The cooperative expanded its nursery area up to 3,000sq.m for species-oriented cultivating and domesticating of rare and endangered medicinal plants in a protected area which is keeping more than 100 species of valuable medicinal herbs such as cucumber, artichoke and honeysuckle, rhubarb root, tuberose and some other plants in traditional remedies of the Dao ethnic people.
The nursery garden can provide enough seeds for the cooperative and local people. Ly Ta Den also encouraged the cooperative’s members to grow medicinal properties of plants in their open fields based on guided techniques and sell them back to the co-operative. After having a stable source of raw materials, the co-operative has invested in building a drying area, a processing factory and a system of machinery for distilling essential herbal extracts.
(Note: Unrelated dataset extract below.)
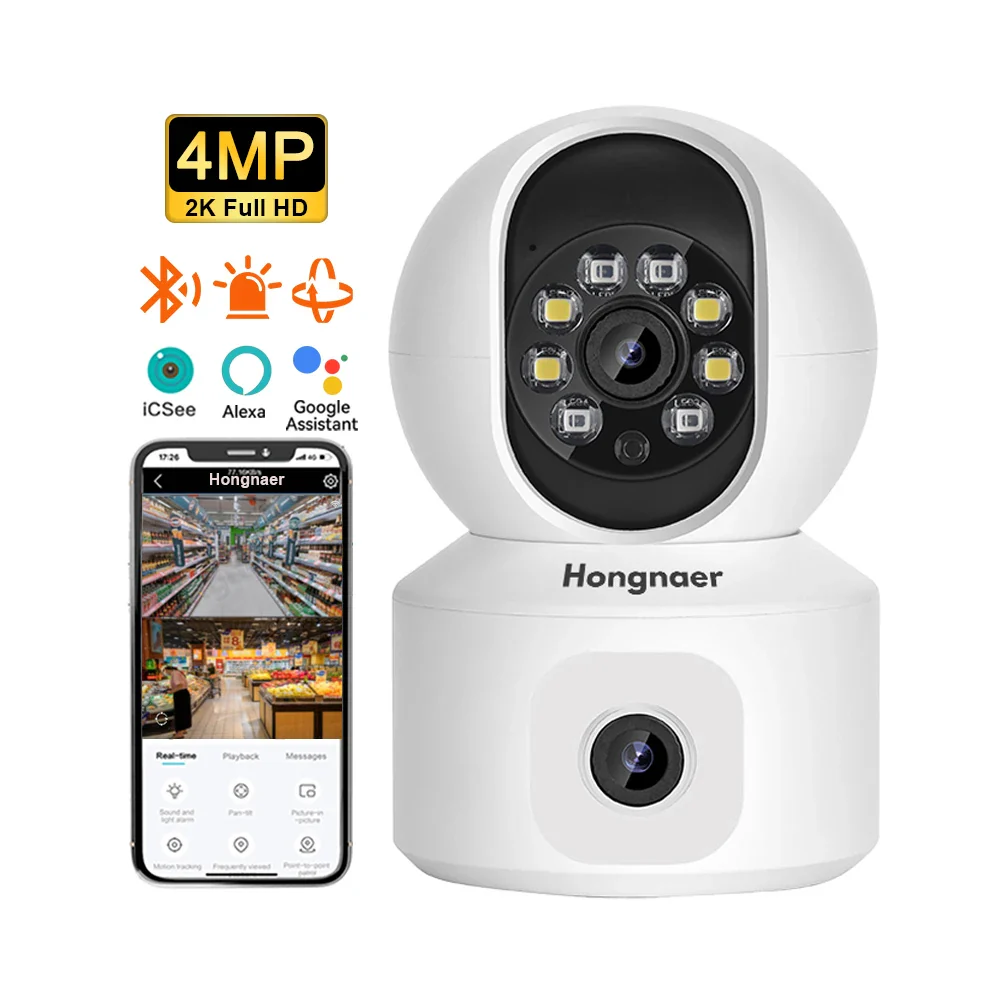 Caméra de Surveillance 2K 4MP Smart Home Réseau intérieur 360 Sécurité sans fil PTZ IP WiFi Double objectif CCTV

The cooperative also built tobacco baths, a system of preliminary processing and pharmaceutical processing factories on an area of more than 4,000sq.m with a total investment of some VND2 billion (US$86,100).
Ly Ta Den and the cooperative’s members have brought their products to introduce at agriculture and medicine fairs and expos countrywide. In addition to provision of medicinal products made from traditional rare plants, the cooperative has also introduced and displayed its products to tourist destinations.
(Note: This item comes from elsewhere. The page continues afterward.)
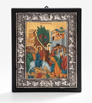 Icono con escena central representando "Entrada triunfal de Jesús en Jerusalén". Marco en plata en relieve con decoración de hojas de parra y racimo de uvas. Marco en madera. Estilo bizantino. Marcas de platero.

Moreover, Den has created a QR code for products of the cooperative and signed contracts with enterprises to open store chains to sell herbal medicines in Hanoi and Ho Chi Minh City as well as sell online. Old members of the cooperative who had withdrawn their money asked to join in again when they saw the development of the cooperative, bringing the members up to 25 who have donated their fields to grow medicinal plants.
After nearly six years of operation, the co-operative has created a brand name for the products and business activities are stable. The co-operative has invested in building relatively complete infrastructure systems, increasing revenue from production, preliminary processing of medicinal herbs, and most importantly, the cooperative's products have won the trust from customers. Each year, the co-operative develops from five to 10 hectares to make more than 200 tons of raw materials and sells many products including artichoke glue and ginger tea achieving three stars in the One Commune One Product (OCOP) program.
The cooperative’s present revenue is around VND1.3 billion and profit increases by 20 percent, its members receive a monthly salary of VND3 million – VND4 million a person. The cooperative’s shareholders get dividend at the end of every year. Ly Ta Den’s dream to convert his hometown into a center for preservation of Dao ethnic minority’s medicinal herbs has come true.
More and more tourists have flocked to the village to enjoy medicinal herbs. The living condition of locals has gradually improved thanks to the preservation of medicinal plants and opening of tourism services. Nineteen households in the village are ready to serve over 190 holidaymakers a day.